Recruiters, said Gilles Kepel, a professor at Sciences Po in Paris and an expert on political Islam, “have been very shrewd at using the language of social networks.” The GoPro camera, used to film attacks in real time, “provides the link between virtual and real.”

Mohammed Merah, 23 at the time, had a camera attached to his chest when he shot dead three French servicemen in Toulouse and nearby Montauban in March 2012. He also filmed his attack a few days later on a Toulouse Jewish school, where he killed three children and a teacher.

Many of the French jihadists come from the banlieues, the segregated suburban housing projects of big cities, but radical Islam also recruits among middle-class families. The French policy of strict secularism, which prohibits the burqa in public places and the Islamic head scarf in public schools, is a grievance used to attract female jihadists.

The French government, which has long relied on tough antiterrorist legislation, is tempted to take even harsher steps.
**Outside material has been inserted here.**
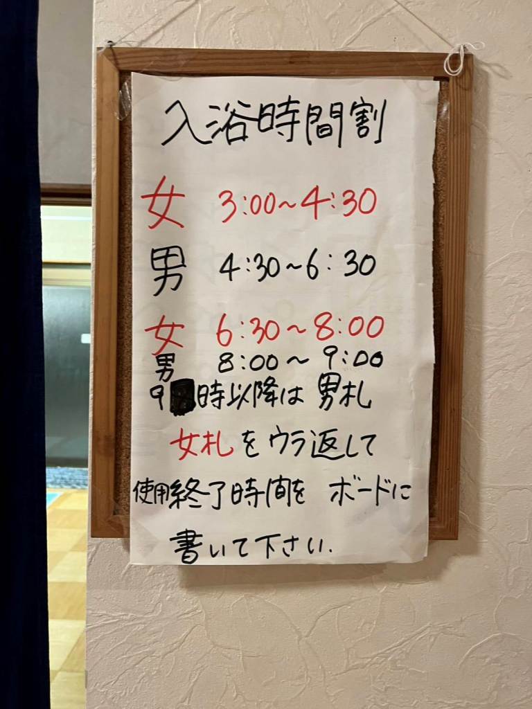 男女時間制に変更するときは,1日おきで,これまで通り男,女別風呂がいいと言ってた人の事が気にかかりました.時間制にして待つのが嫌です!男の人の入った風呂には入れません!と言ってた人達ですが,なんだかこの人達の考えは変わったみたいです.特に不満の声は,聞こえてこないのです。

It set up a toll-free phone line at the end of April to help concerned families, and in the first week alone, 24 cases of would-be jihadists, five of whom had already left for Syria, were uncovered. But the real shock came on May 30, when Mehdi Nemmouche was arrested in Marseilles, on a bus from Amsterdam, carrying a bag full of weapons and jihadist paraphernalia. Mr. Nemmouche, 29, has been held since then as the main suspect in the attack on the Jewish Museum in Brussels, which cost four lives on May 24.

Born in Roubaix, in what used to be the industrial heartland of France, to a broken French-Algerian family, he ran into trouble early and was jailed seven times in 10 years. The last sentence, five years for robbery, sealed his fate: Behind bars, he met radical Islamists and became one.

Three weeks after his release in December 2012, he went to Syria, where he fought for more than a year. Mr. Nemmouche’s jihad represents a step further: He is the first French fighter to come back from the Syrian battlefield to carry the jihad into the heart of Europe. With him, the dreaded threat has become reality.

Six months ago, Manuel Valls, then the interior minister, warned that jihadism is “the greatest danger we will have to face in the next few years.” Now, as prime minister, he is scrambling for new measures and European cooperation on the issue. But his fellow countrymen are still struggling to understand the deeper meaning of this menace in their midst.

Sylvie Kauffmann is the editorial director and a former editor in chief of Le Monde.